Information provided:
--------------------------------------------------

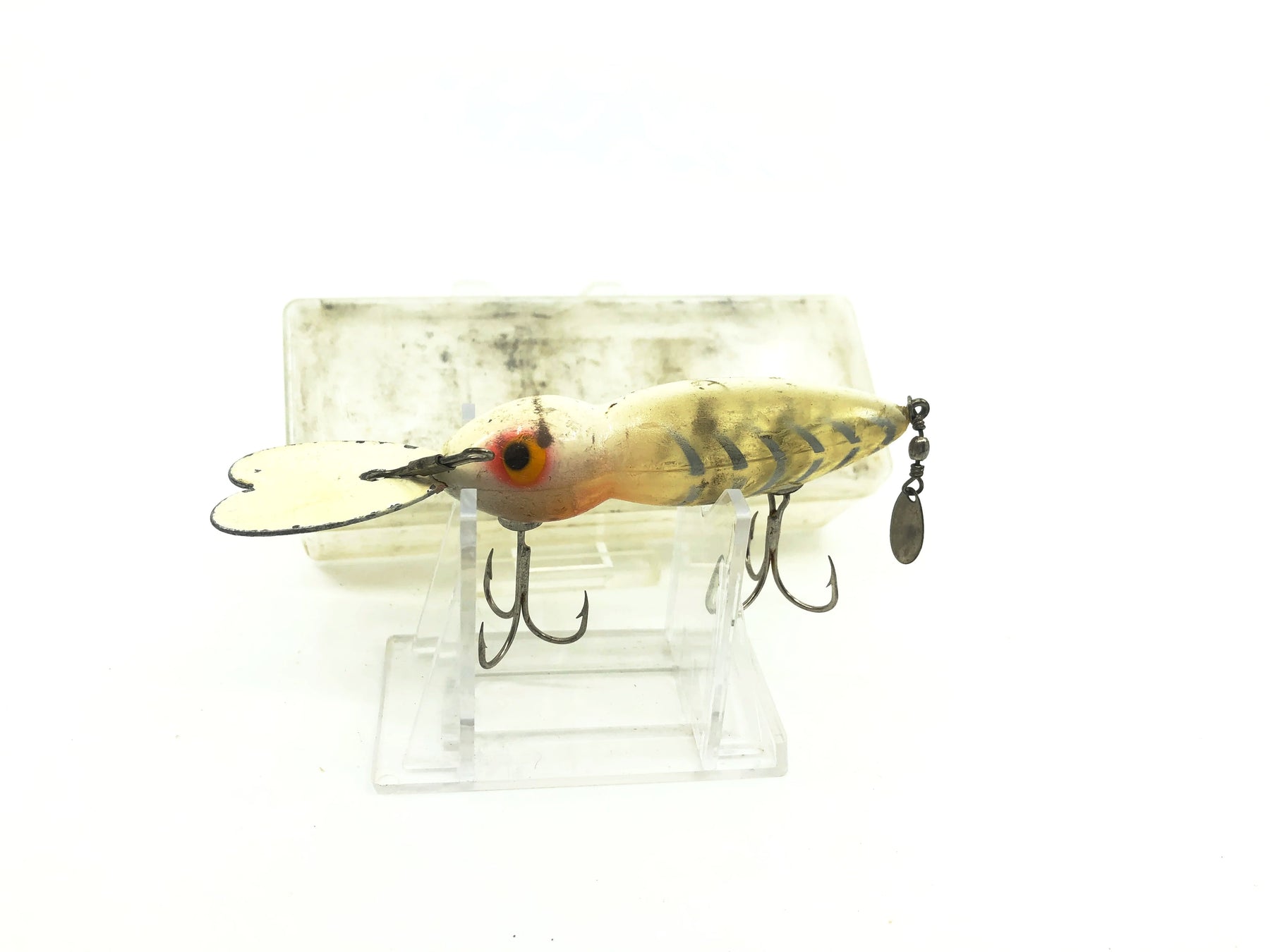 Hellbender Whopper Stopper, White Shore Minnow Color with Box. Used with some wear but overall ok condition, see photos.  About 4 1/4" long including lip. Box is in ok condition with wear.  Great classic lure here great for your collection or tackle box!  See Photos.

--------------------------------------------------

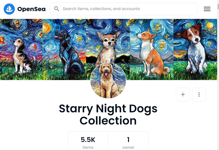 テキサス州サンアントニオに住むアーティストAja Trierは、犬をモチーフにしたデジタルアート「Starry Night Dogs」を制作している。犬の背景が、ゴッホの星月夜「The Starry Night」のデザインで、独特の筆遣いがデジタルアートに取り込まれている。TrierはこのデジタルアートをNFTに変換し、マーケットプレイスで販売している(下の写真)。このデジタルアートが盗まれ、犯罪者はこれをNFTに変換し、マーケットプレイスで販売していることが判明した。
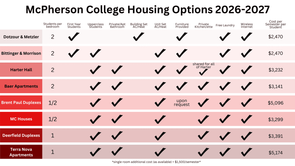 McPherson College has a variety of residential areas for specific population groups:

--------------------------------------------------

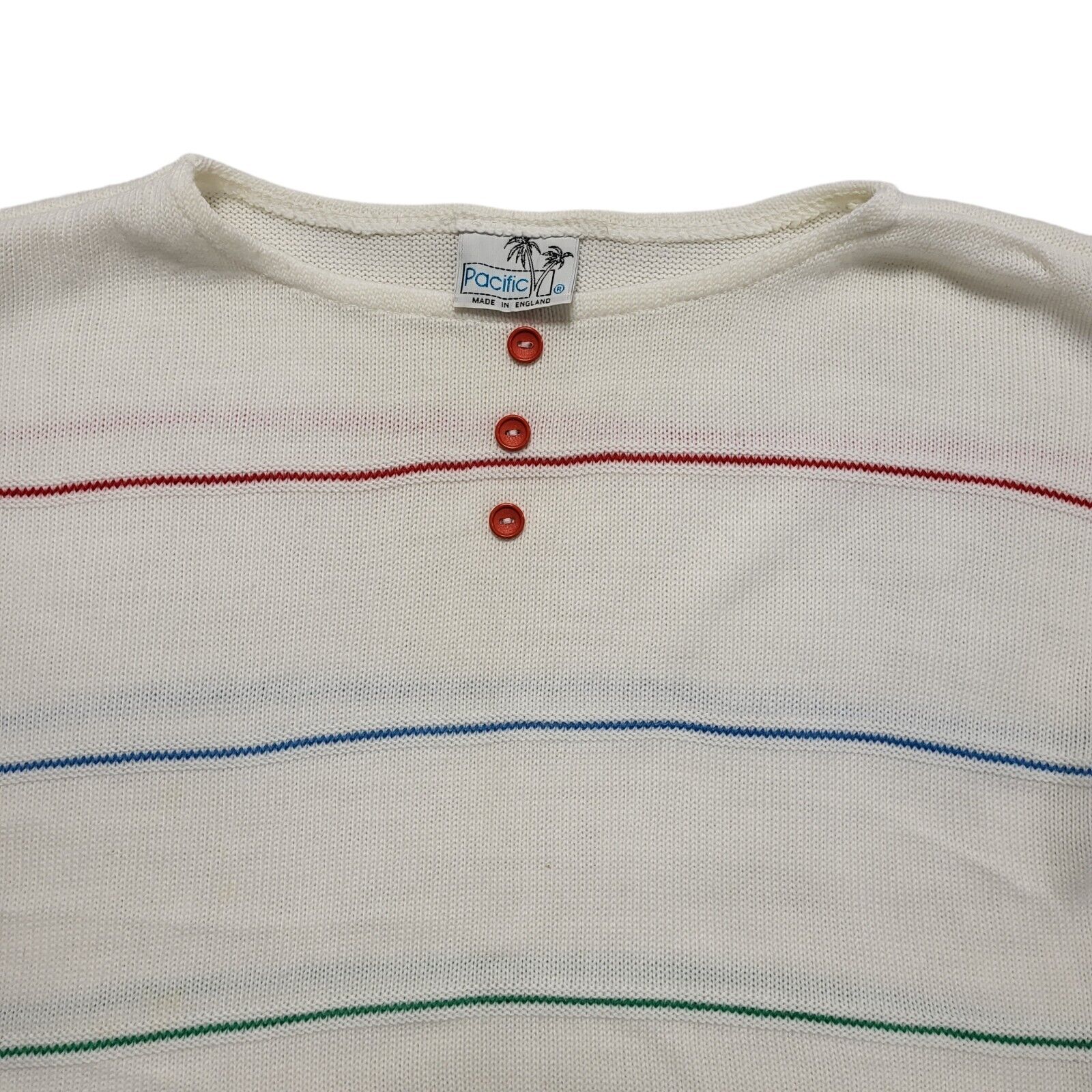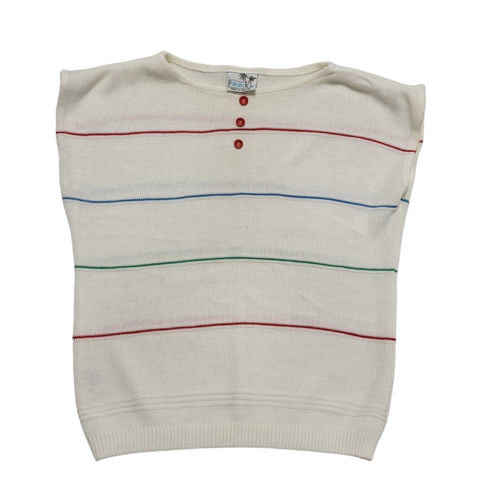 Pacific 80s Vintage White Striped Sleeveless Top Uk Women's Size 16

--------------------------------------------------

From the records above, copy only the lines running from the line containing "テキサス州サンアントニオに住むアーティストAja Trierは、犬をモチーフにしたデジタルアート「Starry Night" to the line containing "McPherson College has", both ends included. Leave the pictures out.

Worked solution:
 テキサス州サンアントニオに住むアーティストAja Trierは、犬をモチーフにしたデジタルアート「Starry Night Dogs」を制作している。犬の背景が、ゴッホの星月夜「The Starry Night」のデザインで、独特の筆遣いがデジタルアートに取り込まれている。TrierはこのデジタルアートをNFTに変換し、マーケットプレイスで販売している(下の写真)。このデジタルアートが盗まれ、犯罪者はこれをNFTに変換し、マーケットプレイスで販売していることが判明した。
 McPherson College has a variety of residential areas for specific population groups:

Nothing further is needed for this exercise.